What is needed >>
The entire listing that follows must be repeated exactly, pictures excluded.
• • • • •
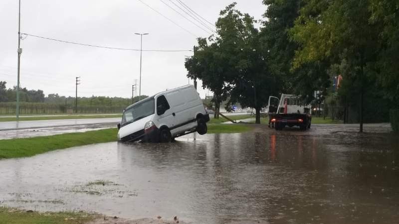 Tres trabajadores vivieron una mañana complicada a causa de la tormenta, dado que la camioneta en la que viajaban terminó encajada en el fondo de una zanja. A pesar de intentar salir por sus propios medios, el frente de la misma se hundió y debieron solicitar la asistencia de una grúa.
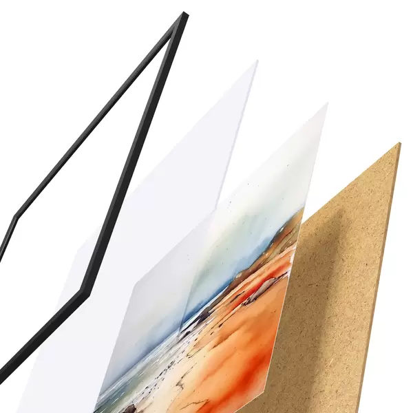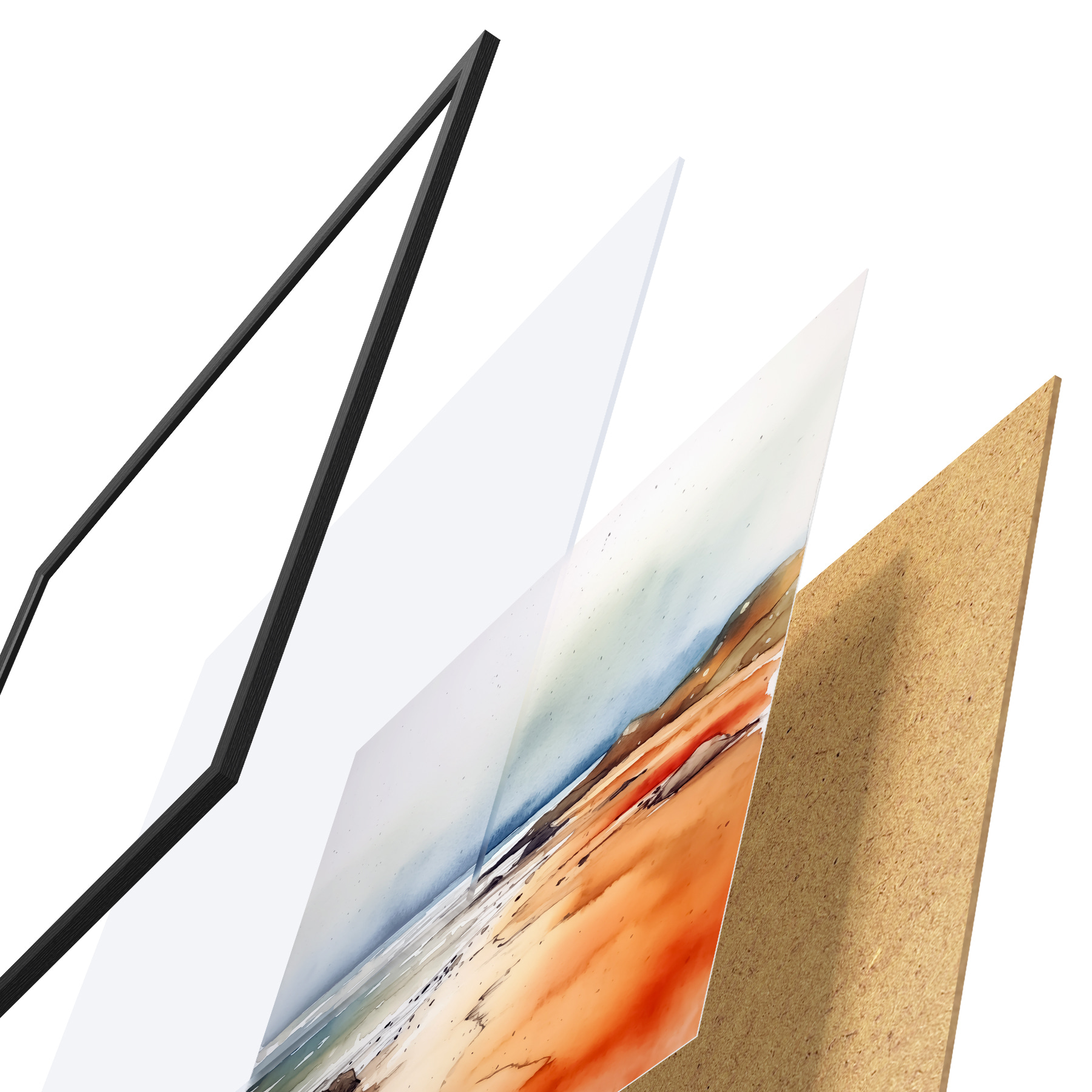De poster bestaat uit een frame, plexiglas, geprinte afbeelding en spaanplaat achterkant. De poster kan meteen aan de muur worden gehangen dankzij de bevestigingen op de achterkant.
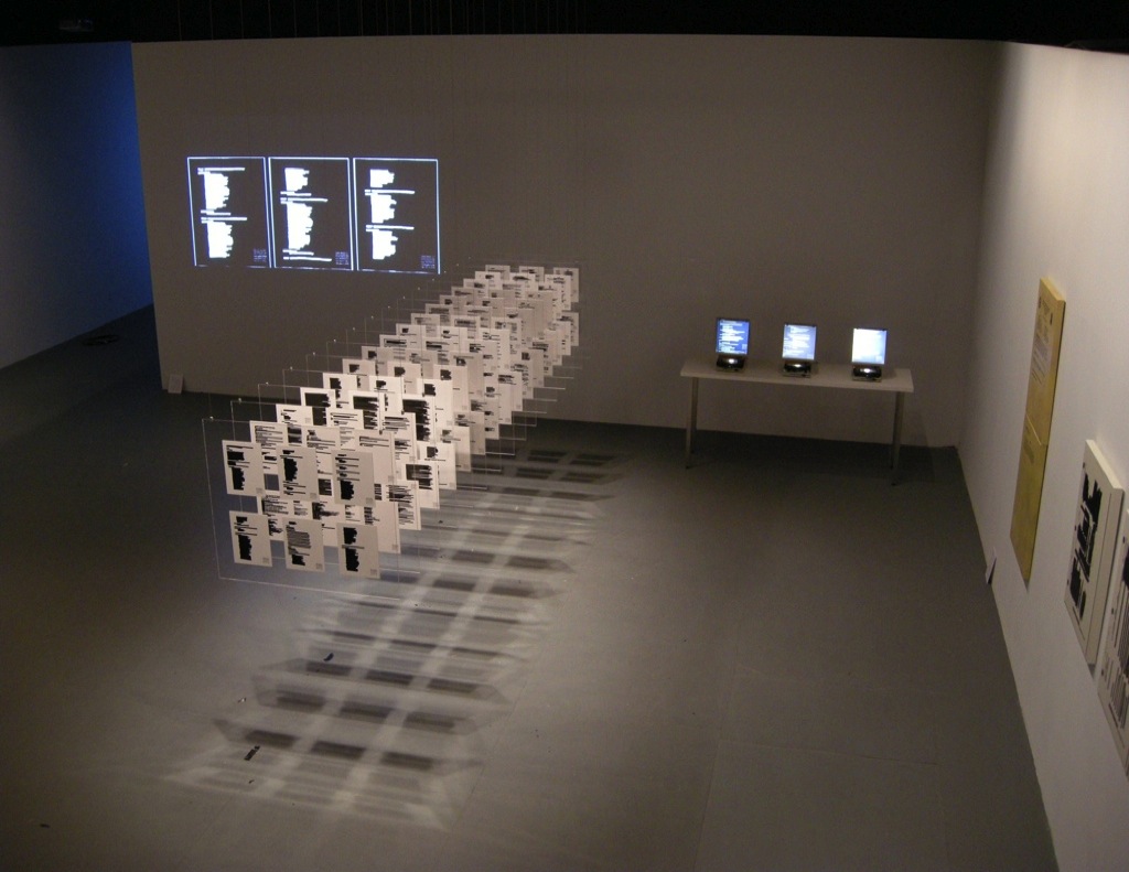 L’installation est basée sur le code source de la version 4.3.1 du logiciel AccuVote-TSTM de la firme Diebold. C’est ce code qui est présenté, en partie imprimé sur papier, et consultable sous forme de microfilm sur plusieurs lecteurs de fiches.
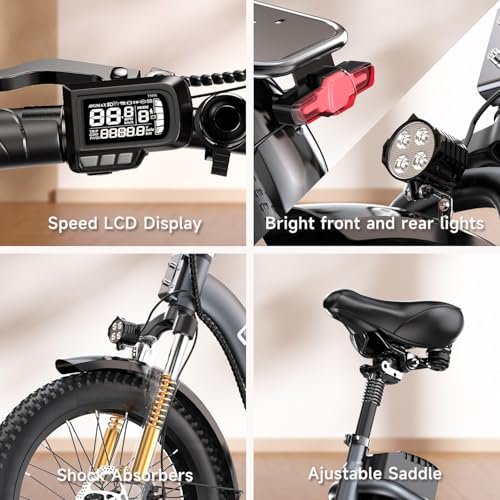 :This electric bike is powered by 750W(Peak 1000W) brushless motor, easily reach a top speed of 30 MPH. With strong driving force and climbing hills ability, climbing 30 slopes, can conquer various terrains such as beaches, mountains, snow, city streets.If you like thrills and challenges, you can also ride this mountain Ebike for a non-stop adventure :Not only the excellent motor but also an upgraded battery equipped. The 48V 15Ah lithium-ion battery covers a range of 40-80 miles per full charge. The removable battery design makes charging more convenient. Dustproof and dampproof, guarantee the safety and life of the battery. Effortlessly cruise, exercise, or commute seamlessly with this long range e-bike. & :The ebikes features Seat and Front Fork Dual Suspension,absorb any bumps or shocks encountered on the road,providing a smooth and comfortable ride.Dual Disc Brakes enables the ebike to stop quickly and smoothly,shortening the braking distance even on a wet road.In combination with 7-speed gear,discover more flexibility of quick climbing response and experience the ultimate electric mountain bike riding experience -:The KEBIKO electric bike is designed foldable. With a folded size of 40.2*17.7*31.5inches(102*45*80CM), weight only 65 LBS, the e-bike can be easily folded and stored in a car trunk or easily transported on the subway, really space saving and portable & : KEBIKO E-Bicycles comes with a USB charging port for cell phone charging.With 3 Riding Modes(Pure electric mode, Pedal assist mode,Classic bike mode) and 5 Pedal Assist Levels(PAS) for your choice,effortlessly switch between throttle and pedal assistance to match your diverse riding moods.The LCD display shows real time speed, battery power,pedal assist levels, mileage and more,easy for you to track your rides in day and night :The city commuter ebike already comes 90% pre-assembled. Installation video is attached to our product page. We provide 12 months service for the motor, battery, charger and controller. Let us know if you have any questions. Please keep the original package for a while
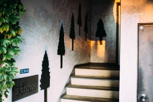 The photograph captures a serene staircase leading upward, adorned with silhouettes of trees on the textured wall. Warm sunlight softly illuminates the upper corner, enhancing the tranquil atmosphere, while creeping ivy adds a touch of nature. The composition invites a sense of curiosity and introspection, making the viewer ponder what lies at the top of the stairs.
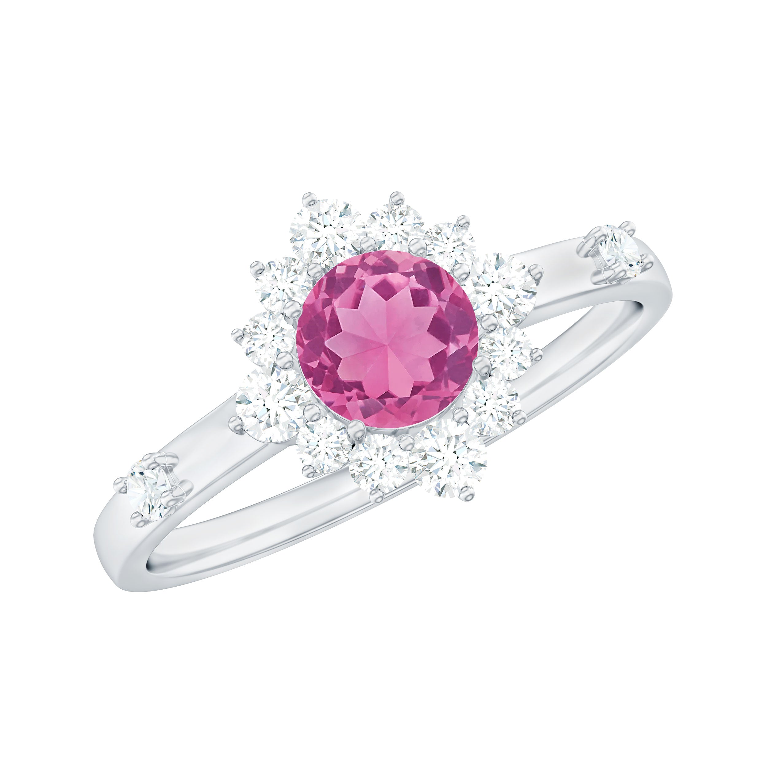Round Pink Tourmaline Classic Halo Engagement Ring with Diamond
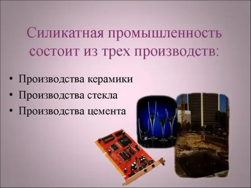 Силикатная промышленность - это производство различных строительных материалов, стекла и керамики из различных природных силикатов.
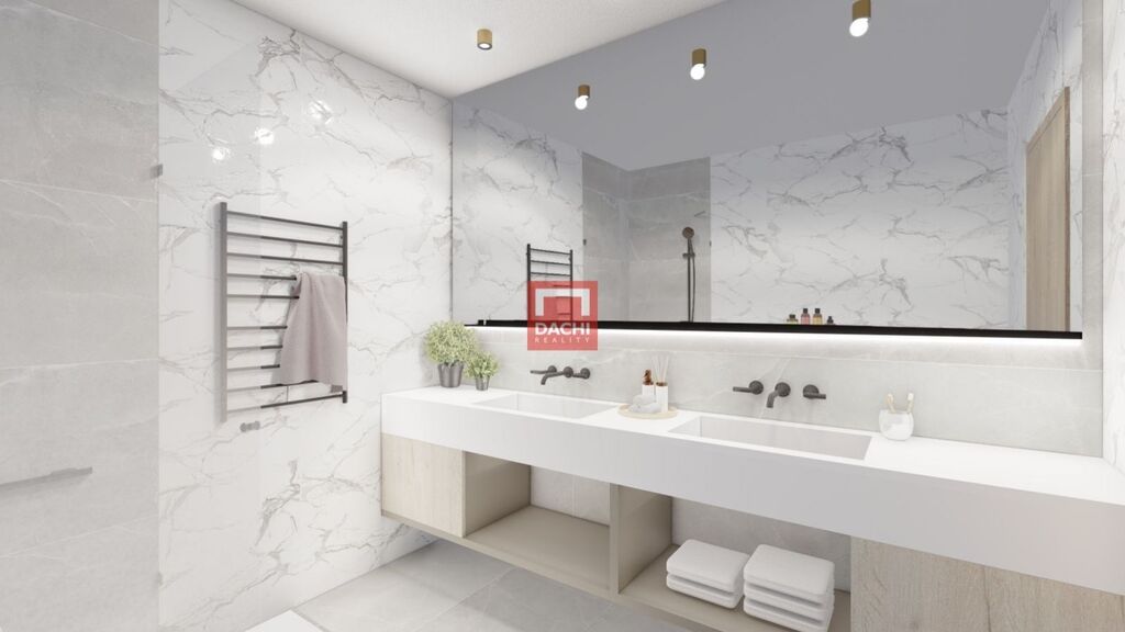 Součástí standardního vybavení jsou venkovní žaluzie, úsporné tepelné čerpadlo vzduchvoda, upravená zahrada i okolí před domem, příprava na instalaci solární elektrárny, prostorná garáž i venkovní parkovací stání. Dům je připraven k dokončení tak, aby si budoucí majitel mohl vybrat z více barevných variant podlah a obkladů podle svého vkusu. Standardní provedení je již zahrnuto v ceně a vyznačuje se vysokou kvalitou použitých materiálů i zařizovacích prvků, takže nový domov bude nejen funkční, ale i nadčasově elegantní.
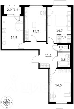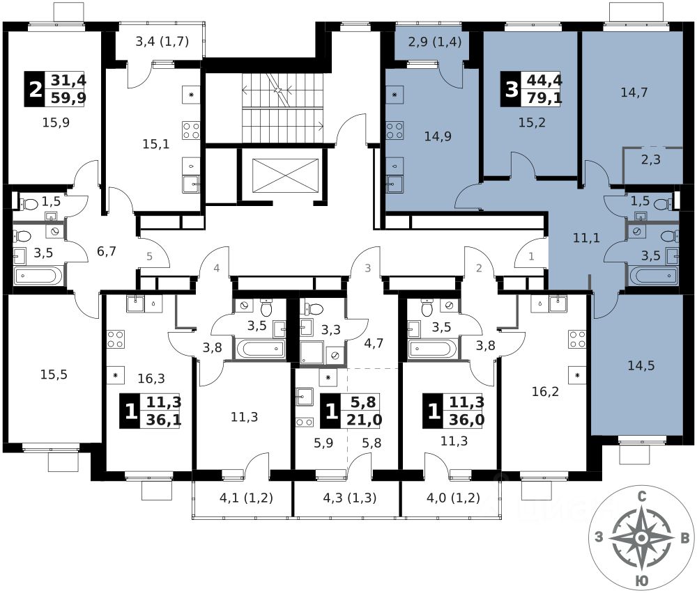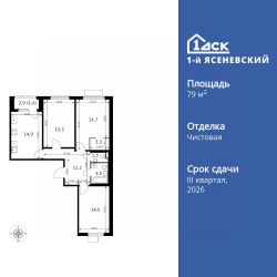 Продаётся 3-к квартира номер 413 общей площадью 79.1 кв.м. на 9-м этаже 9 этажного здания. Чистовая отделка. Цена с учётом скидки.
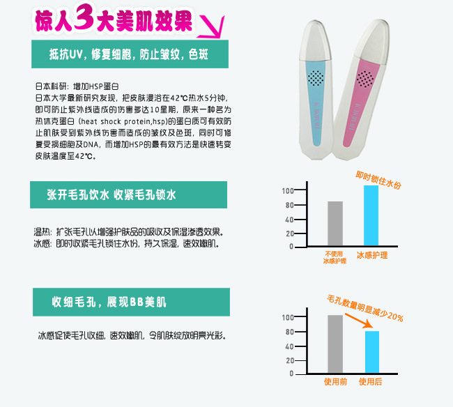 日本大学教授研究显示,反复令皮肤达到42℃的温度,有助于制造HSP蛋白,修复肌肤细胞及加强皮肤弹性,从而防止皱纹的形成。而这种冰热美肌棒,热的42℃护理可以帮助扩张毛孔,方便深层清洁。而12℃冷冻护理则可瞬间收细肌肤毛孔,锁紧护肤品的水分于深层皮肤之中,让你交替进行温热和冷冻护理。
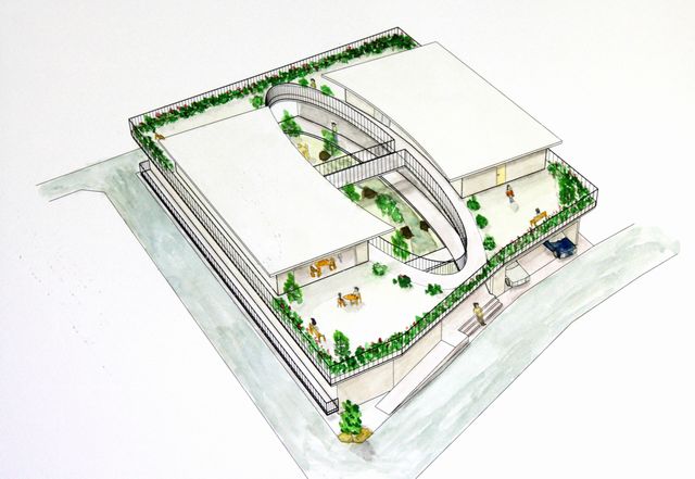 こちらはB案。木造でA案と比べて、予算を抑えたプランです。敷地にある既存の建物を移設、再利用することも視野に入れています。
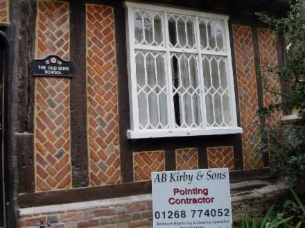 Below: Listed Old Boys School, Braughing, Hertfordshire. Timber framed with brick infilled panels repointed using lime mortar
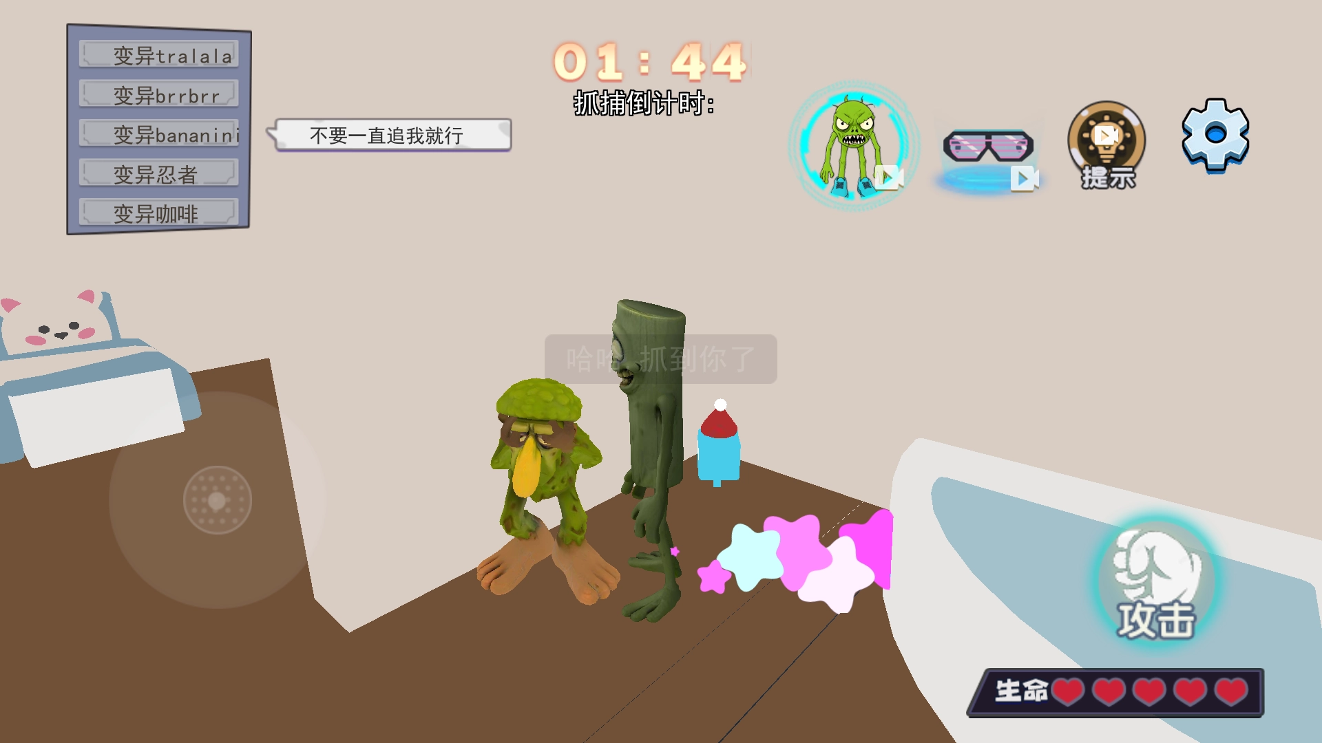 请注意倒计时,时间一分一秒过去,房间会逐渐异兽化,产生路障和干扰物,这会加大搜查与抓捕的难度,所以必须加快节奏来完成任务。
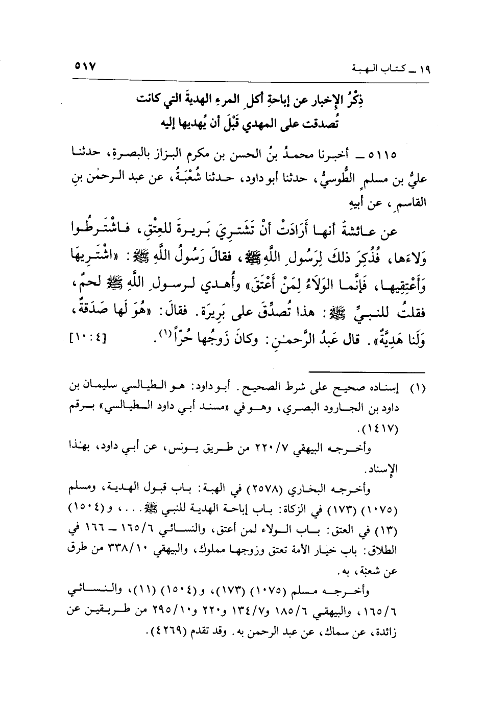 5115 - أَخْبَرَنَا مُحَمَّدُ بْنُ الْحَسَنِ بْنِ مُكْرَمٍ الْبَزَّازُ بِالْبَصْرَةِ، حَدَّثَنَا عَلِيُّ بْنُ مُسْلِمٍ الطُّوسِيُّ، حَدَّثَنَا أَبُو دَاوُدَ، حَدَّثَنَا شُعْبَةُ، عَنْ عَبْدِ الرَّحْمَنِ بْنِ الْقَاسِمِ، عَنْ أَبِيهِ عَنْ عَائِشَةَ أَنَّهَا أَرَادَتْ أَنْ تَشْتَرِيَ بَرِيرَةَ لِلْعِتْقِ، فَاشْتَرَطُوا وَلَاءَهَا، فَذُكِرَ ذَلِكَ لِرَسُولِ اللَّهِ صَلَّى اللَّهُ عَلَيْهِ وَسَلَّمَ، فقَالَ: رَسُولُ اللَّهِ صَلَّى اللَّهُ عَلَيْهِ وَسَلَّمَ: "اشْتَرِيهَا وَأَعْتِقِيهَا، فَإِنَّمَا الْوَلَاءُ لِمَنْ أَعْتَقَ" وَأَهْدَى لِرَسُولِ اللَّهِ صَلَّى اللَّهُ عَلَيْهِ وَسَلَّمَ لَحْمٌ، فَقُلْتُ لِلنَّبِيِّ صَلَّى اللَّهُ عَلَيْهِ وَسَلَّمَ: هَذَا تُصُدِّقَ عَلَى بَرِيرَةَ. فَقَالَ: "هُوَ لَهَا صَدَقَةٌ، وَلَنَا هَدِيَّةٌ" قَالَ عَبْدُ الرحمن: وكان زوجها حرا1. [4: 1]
• • • • •
Task output >>
 Tres trabajadores vivieron una mañana complicada a causa de la tormenta, dado que la camioneta en la que viajaban terminó encajada en el fondo de una zanja. A pesar de intentar salir por sus propios medios, el frente de la misma se hundió y debieron solicitar la asistencia de una grúa.
De poster bestaat uit een frame, plexiglas, geprinte afbeelding en spaanplaat achterkant. De poster kan meteen aan de muur worden gehangen dankzij de bevestigingen op de achterkant.
 L’installation est basée sur le code source de la version 4.3.1 du logiciel AccuVote-TSTM de la firme Diebold. C’est ce code qui est présenté, en partie imprimé sur papier, et consultable sous forme de microfilm sur plusieurs lecteurs de fiches.
 :This electric bike is powered by 750W(Peak 1000W) brushless motor, easily reach a top speed of 30 MPH. With strong driving force and climbing hills ability, climbing 30 slopes, can conquer various terrains such as beaches, mountains, snow, city streets.If you like thrills and challenges, you can also ride this mountain Ebike for a non-stop adventure :Not only the excellent motor but also an upgraded battery equipped. The 48V 15Ah lithium-ion battery covers a range of 40-80 miles per full charge. The removable battery design makes charging more convenient. Dustproof and dampproof, guarantee the safety and life of the battery. Effortlessly cruise, exercise, or commute seamlessly with this long range e-bike. & :The ebikes features Seat and Front Fork Dual Suspension,absorb any bumps or shocks encountered on the road,providing a smooth and comfortable ride.Dual Disc Brakes enables the ebike to stop quickly and smoothly,shortening the braking distance even on a wet road.In combination with 7-speed gear,discover more flexibility of quick climbing response and experience the ultimate electric mountain bike riding experience -:The KEBIKO electric bike is designed foldable. With a folded size of 40.2*17.7*31.5inches(102*45*80CM), weight only 65 LBS, the e-bike can be easily folded and stored in a car trunk or easily transported on the subway, really space saving and portable & : KEBIKO E-Bicycles comes with a USB charging port for cell phone charging.With 3 Riding Modes(Pure electric mode, Pedal assist mode,Classic bike mode) and 5 Pedal Assist Levels(PAS) for your choice,effortlessly switch between throttle and pedal assistance to match your diverse riding moods.The LCD display shows real time speed, battery power,pedal assist levels, mileage and more,easy for you to track your rides in day and night :The city commuter ebike already comes 90% pre-assembled. Installation video is attached to our product page. We provide 12 months service for the motor, battery, charger and controller. Let us know if you have any questions. Please keep the original package for a while
 The photograph captures a serene staircase leading upward, adorned with silhouettes of trees on the textured wall. Warm sunlight softly illuminates the upper corner, enhancing the tranquil atmosphere, while creeping ivy adds a touch of nature. The composition invites a sense of curiosity and introspection, making the viewer ponder what lies at the top of the stairs.
Round Pink Tourmaline Classic Halo Engagement Ring with Diamond
 Силикатная промышленность - это производство различных строительных материалов, стекла и керамики из различных природных силикатов.
 Součástí standardního vybavení jsou venkovní žaluzie, úsporné tepelné čerpadlo vzduchvoda, upravená zahrada i okolí před domem, příprava na instalaci solární elektrárny, prostorná garáž i venkovní parkovací stání. Dům je připraven k dokončení tak, aby si budoucí majitel mohl vybrat z více barevných variant podlah a obkladů podle svého vkusu. Standardní provedení je již zahrnuto v ceně a vyznačuje se vysokou kvalitou použitých materiálů i zařizovacích prvků, takže nový domov bude nejen funkční, ale i nadčasově elegantní.
 Продаётся 3-к квартира номер 413 общей площадью 79.1 кв.м. на 9-м этаже 9 этажного здания. Чистовая отделка. Цена с учётом скидки.
 日本大学教授研究显示,反复令皮肤达到42℃的温度,有助于制造HSP蛋白,修复肌肤细胞及加强皮肤弹性,从而防止皱纹的形成。而这种冰热美肌棒,热的42℃护理可以帮助扩张毛孔,方便深层清洁。而12℃冷冻护理则可瞬间收细肌肤毛孔,锁紧护肤品的水分于深层皮肤之中,让你交替进行温热和冷冻护理。
 こちらはB案。木造でA案と比べて、予算を抑えたプランです。敷地にある既存の建物を移設、再利用することも視野に入れています。
 Below: Listed Old Boys School, Braughing, Hertfordshire. Timber framed with brick infilled panels repointed using lime mortar
 请注意倒计时,时间一分一秒过去,房间会逐渐异兽化,产生路障和干扰物,这会加大搜查与抓捕的难度,所以必须加快节奏来完成任务。
 5115 - أَخْبَرَنَا مُحَمَّدُ بْنُ الْحَسَنِ بْنِ مُكْرَمٍ الْبَزَّازُ بِالْبَصْرَةِ، حَدَّثَنَا عَلِيُّ بْنُ مُسْلِمٍ الطُّوسِيُّ، حَدَّثَنَا أَبُو دَاوُدَ، حَدَّثَنَا شُعْبَةُ، عَنْ عَبْدِ الرَّحْمَنِ بْنِ الْقَاسِمِ، عَنْ أَبِيهِ عَنْ عَائِشَةَ أَنَّهَا أَرَادَتْ أَنْ تَشْتَرِيَ بَرِيرَةَ لِلْعِتْقِ، فَاشْتَرَطُوا وَلَاءَهَا، فَذُكِرَ ذَلِكَ لِرَسُولِ اللَّهِ صَلَّى اللَّهُ عَلَيْهِ وَسَلَّمَ، فقَالَ: رَسُولُ اللَّهِ صَلَّى اللَّهُ عَلَيْهِ وَسَلَّمَ: "اشْتَرِيهَا وَأَعْتِقِيهَا، فَإِنَّمَا الْوَلَاءُ لِمَنْ أَعْتَقَ" وَأَهْدَى لِرَسُولِ اللَّهِ صَلَّى اللَّهُ عَلَيْهِ وَسَلَّمَ لَحْمٌ، فَقُلْتُ لِلنَّبِيِّ صَلَّى اللَّهُ عَلَيْهِ وَسَلَّمَ: هَذَا تُصُدِّقَ عَلَى بَرِيرَةَ. فَقَالَ: "هُوَ لَهَا صَدَقَةٌ، وَلَنَا هَدِيَّةٌ" قَالَ عَبْدُ الرحمن: وكان زوجها حرا1. [4: 1]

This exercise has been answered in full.